Dalam sebuah hutan pinus, api dapat membakar dedaunan jatuh di tanah, namun tidak tanah di bawahnya. Karena tundra Artik memiliki tanah kaya karbon dan bergambut, tanah itu sendiri ikut terbakar, dan ketika api padam, sebagian tanah telah hilang. Lebih lagi, es yang rentan bukan hanya lebih terpaparkan, namun juga tertutupi tanah yang menghitam, yang menyerap lebih banyak panas matahari dan dapat mempercepat pelelehan.

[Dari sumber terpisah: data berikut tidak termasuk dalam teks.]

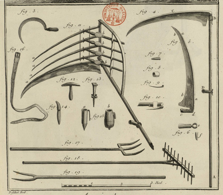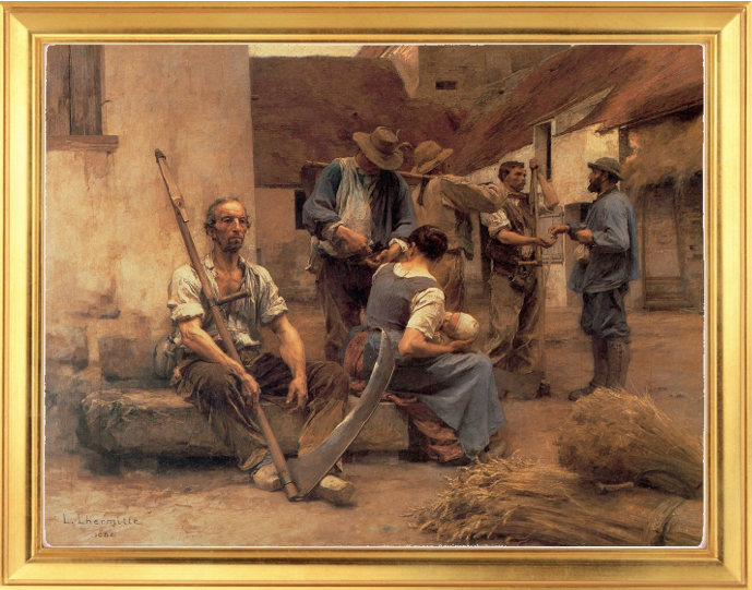 J’ai un vaste choix pour raconter un ancêtre direct journalier. L’Encyclopédie le dit, « cette espèce d’homme forme la plus grande partie d’une nation. » C’est aussi vrai pour mon arbre généalogique. Le gouvernement n’étant pas toujours bon, beaucoup de ces aïeux ont été misérables. J’ai également un vaste choix pour illustrer par une œuvre le métier de journalier. Le monde paysan a inspiré de nombreux artistes avec des visions différentes de la ruralité : naturaliste, réaliste, pastorale… Les frères LE NAIN ou Jean-François MILLET en sont des exemples reconnus à quelques siècles d’écart. Mon tableau préféré reste celui de Léon LHERMITTE, « La Paye des moissonneurs ». Je reconnais tous mes journaliers dans l’attitude épuisée et digne du moissonneur, assis sur son banc de pierre. Je vois entre ses jambes le dail (la faux) utilisé pour faucher les blés et à sa ceinture je devine la pierre à aiguiser. Sur le côté du tableau, la distribution de la paye rappelle les difficultés de leur statut précaire et saisonnier.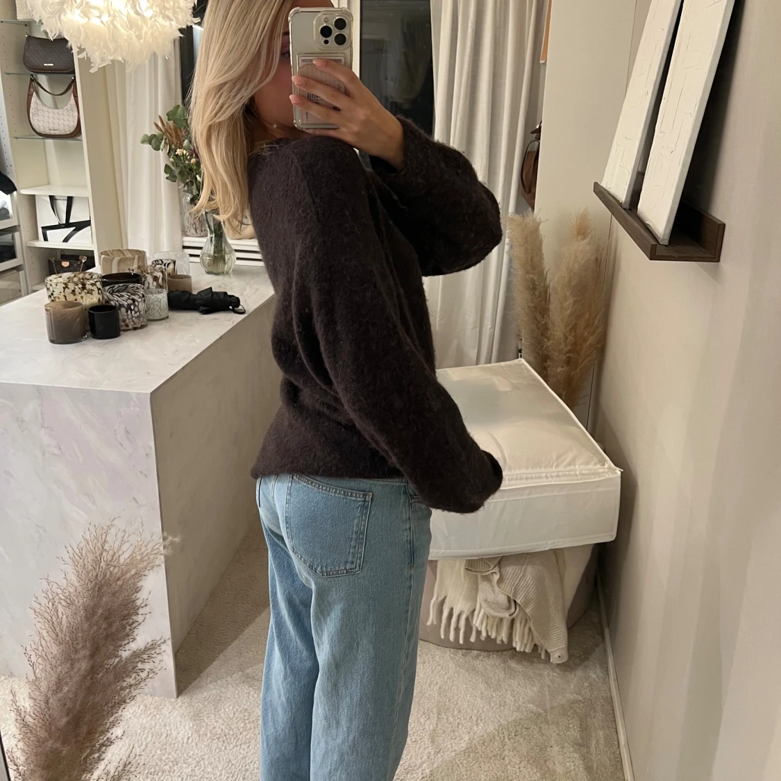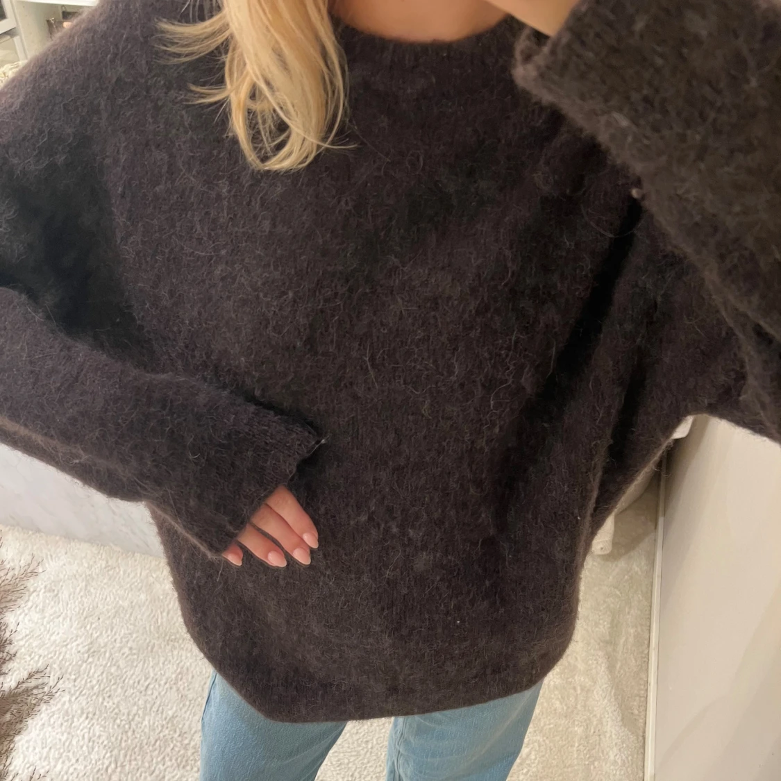 Mysig mörkbrun stickad tröja från H&M i ull- och alpacablandning. Tröjan har en loose passform, rund hals och långa ärmar. Perfekt för dig som gillar en enkel och chill stil med lite fluffig känsla. Köpt för original priset!! Endast använd någon enstaka gång!

Mack berharap temuannya akan membuka dialog antara bagaimana kebakaran tundra dikendalikan. Karena kebakaran sungai Anaktuvuk ada dalam daerah liar, ia tidak ditekan atau disimpan. Dengan data yang lebih baik pada pengaruh jangka panjang kebakaran global pada pemanasan iklim global, kata Mack, mengatasi kebakaran ini menjadi prioritas yang lebih penting.
“Kebakaran ini adalah panggilan nyaring agar kita semua terbangun, dan ia dapat terjadi lagi, bukan hanya di Alaska, namun juga di bagian lain Artik, seperti Kanada dan Russia,” kata Mack. “Menghentikan kebakaran di alam liar itu mahal, namun bagaimana bila kebakaran tersebut menyebabkan es meleleh? Kita perlu membahasnya.”